_BRIEF_: Write out the data exactly as given, dropping every picture.

_SUPPLIED INFORMATION_:
------------------------

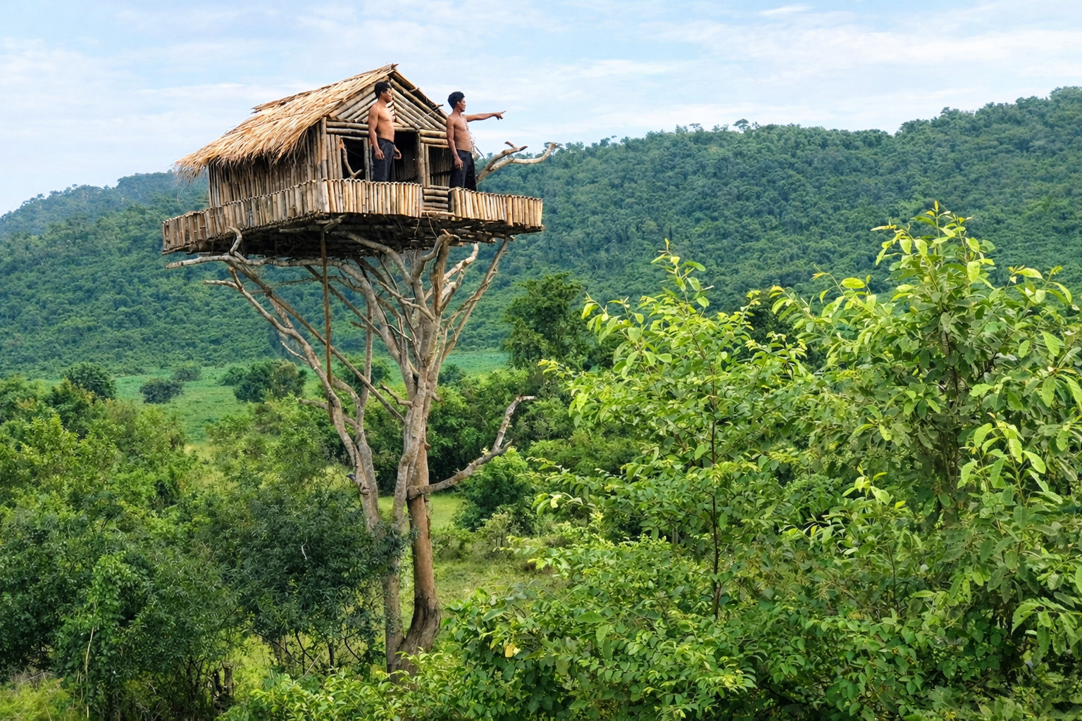 Τα πλάνα από την κατασκευή δείχνουν μια δομή που μοιάζει με παραδοσιακή ξύλινη καλύβα, αλλά εξελιγμένη. Κάθε τμήμα είναι προσεκτικά δεμένο με μπαμπού, χωρίς να φαίνεται μεγάλη χρήση μεταλλικών υλικών. Το σπίτι στέκεται πάνω σε έναν «κορμό» από ξύλο ή μπαμπού, με τη βάση του να στηρίζεται σταθερά παρά το μεγάλο ύψος. Αυτό δείχνει πόσο σημαντικό είναι να γνωρίζεις τα υλικά και πώς να τα χρησιμοποιείς για να δημιουργήσεις μια δομή που μπορεί να αντέξει στα στοιχεία της φύσης.
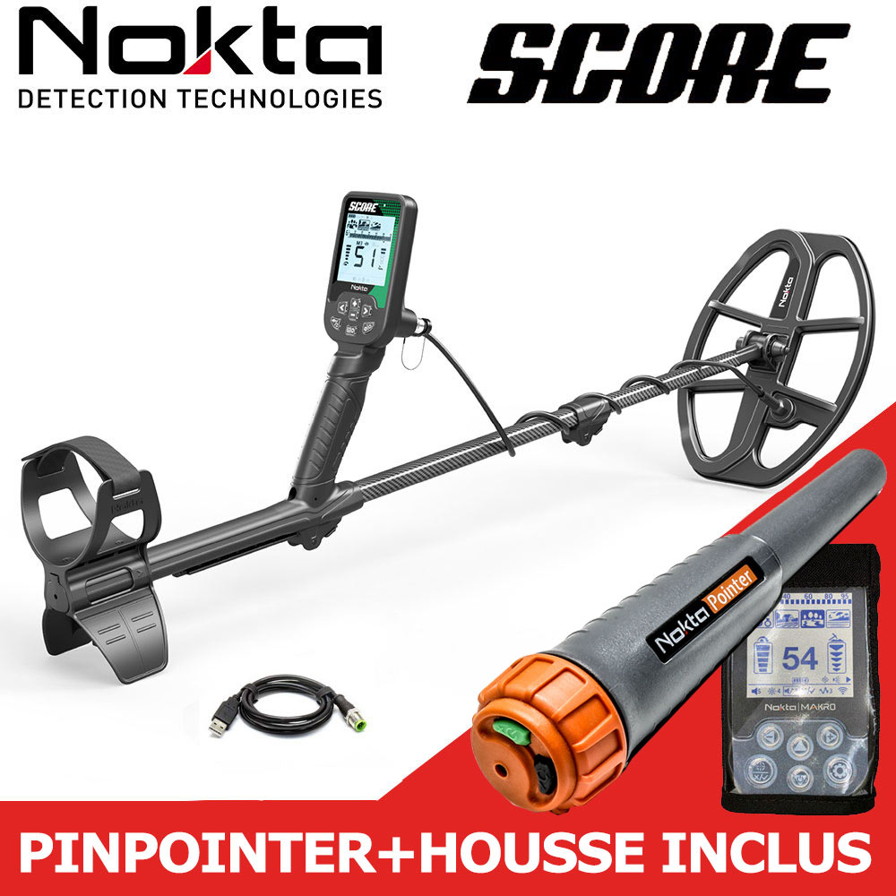 Pinpointer étanche NoktaPointer +housse offerts. Le NOKTA SCORE est un détecteur de métaux multifréquence étanche offrant un rapport qualité prix jamais-vu. C'est le seul détecteur multifréquence simultané (SMF) à la fois étanche à 5m, doté d'une canne télescopique, d'un émetteur pour casque sans fil (optionnel) et d'une batterie rechargeable. Cette technologie SMF qui équipe également le LEGEND permet de mieux identifier les cibles notamment à proximité d'objets en fer et de détecter sur tout type de terrain et même à la plage. A moins de 500eur, aucun autre détecteur n'offre de telles possibilités d'autant que vous pouvez le mettre à jour via USB. Autonomie 12h, poids 1.2kg, garantie 3 ans. Plusieurs versions au choix (avec ou sans casque sans fil + avec ou sans disque 35cm)
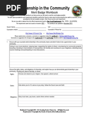 Rifle Shooting - USSCOUTS.ORG Squib fire: Rifle Shooting - Merit Badge Workbook Page. 5 of 13. Rifle Shooting Scout's Name: _____ e. Identify and demonstrate the five fundamentals of shooting a rifle safely. c 1. c 2. c 3. c 4. c 5. f. Explain to your counselor the fundamental rules for safe gun handling. Explain each rule for using and storing a gun. Identify and explain each rule for safe shooting. Rifle Shooting - … Citizenship in the Community Merit Badge and Worksheet - Boy … Requirement 6 services could include: police, ambulance, and fire departments, art centers, museums, food shelves, community gardens, mental health centers, senior centers ; Wearing a scout uniform to town meetings, interviews, and volunteer work tends to yield better results. Resources for Citizenship in the Community Merit Badge Merit Badges - Boy Scout Trail The merit badge counselor certifies completion of requirements and the merit badge patch is presented at a court of honor or troop meeting. See this page for more info on merit badges. Required Merit Badges : A scout can begin taking merit badges as soon as they join a troop, but no merit badges are required for advancement until reaching First ... Cooking Merit Badge and Worksheet - Boy Scout Trail Revised January, 2020 Requirements for the Cooking merit badge: Health and safety. Do the following: Explain to your counselor the most likely hazards you may encounter while participating in cooking activities and what you should do to anticipate, help prevent, mitigate, and …
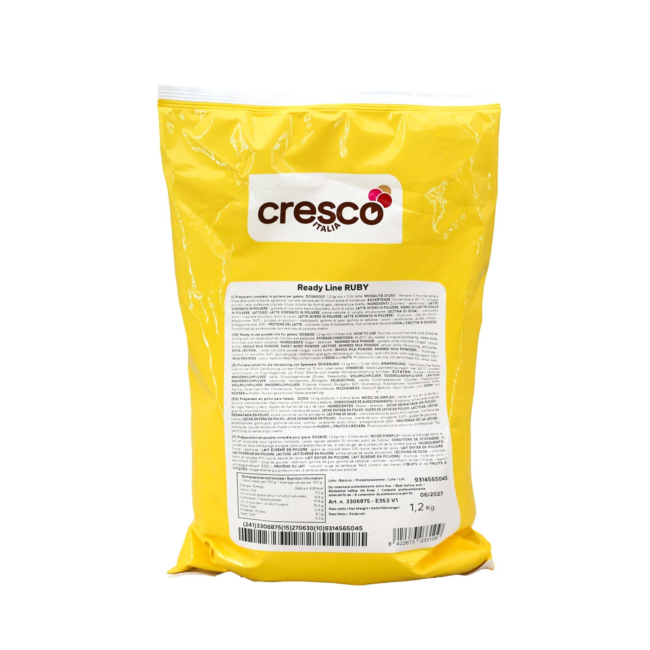 Preparato completo in polvere per la preparazione del gusto ruby in gelateria. Indicato anche per sorbetto da bere, granita, gelato soft,ecc.

------------------------

_REPLY TO THE TASK_:
 Τα πλάνα από την κατασκευή δείχνουν μια δομή που μοιάζει με παραδοσιακή ξύλινη καλύβα, αλλά εξελιγμένη. Κάθε τμήμα είναι προσεκτικά δεμένο με μπαμπού, χωρίς να φαίνεται μεγάλη χρήση μεταλλικών υλικών. Το σπίτι στέκεται πάνω σε έναν «κορμό» από ξύλο ή μπαμπού, με τη βάση του να στηρίζεται σταθερά παρά το μεγάλο ύψος. Αυτό δείχνει πόσο σημαντικό είναι να γνωρίζεις τα υλικά και πώς να τα χρησιμοποιείς για να δημιουργήσεις μια δομή που μπορεί να αντέξει στα στοιχεία της φύσης.
 Pinpointer étanche NoktaPointer +housse offerts. Le NOKTA SCORE est un détecteur de métaux multifréquence étanche offrant un rapport qualité prix jamais-vu. C'est le seul détecteur multifréquence simultané (SMF) à la fois étanche à 5m, doté d'une canne télescopique, d'un émetteur pour casque sans fil (optionnel) et d'une batterie rechargeable. Cette technologie SMF qui équipe également le LEGEND permet de mieux identifier les cibles notamment à proximité d'objets en fer et de détecter sur tout type de terrain et même à la plage. A moins de 500eur, aucun autre détecteur n'offre de telles possibilités d'autant que vous pouvez le mettre à jour via USB. Autonomie 12h, poids 1.2kg, garantie 3 ans. Plusieurs versions au choix (avec ou sans casque sans fil + avec ou sans disque 35cm)
 Rifle Shooting - USSCOUTS.ORG Squib fire: Rifle Shooting - Merit Badge Workbook Page. 5 of 13. Rifle Shooting Scout's Name: _____ e. Identify and demonstrate the five fundamentals of shooting a rifle safely. c 1. c 2. c 3. c 4. c 5. f. Explain to your counselor the fundamental rules for safe gun handling. Explain each rule for using and storing a gun. Identify and explain each rule for safe shooting. Rifle Shooting - … Citizenship in the Community Merit Badge and Worksheet - Boy … Requirement 6 services could include: police, ambulance, and fire departments, art centers, museums, food shelves, community gardens, mental health centers, senior centers ; Wearing a scout uniform to town meetings, interviews, and volunteer work tends to yield better results. Resources for Citizenship in the Community Merit Badge Merit Badges - Boy Scout Trail The merit badge counselor certifies completion of requirements and the merit badge patch is presented at a court of honor or troop meeting. See this page for more info on merit badges. Required Merit Badges : A scout can begin taking merit badges as soon as they join a troop, but no merit badges are required for advancement until reaching First ... Cooking Merit Badge and Worksheet - Boy Scout Trail Revised January, 2020 Requirements for the Cooking merit badge: Health and safety. Do the following: Explain to your counselor the most likely hazards you may encounter while participating in cooking activities and what you should do to anticipate, help prevent, mitigate, and …
 Preparato completo in polvere per la preparazione del gusto ruby in gelateria. Indicato anche per sorbetto da bere, granita, gelato soft,ecc.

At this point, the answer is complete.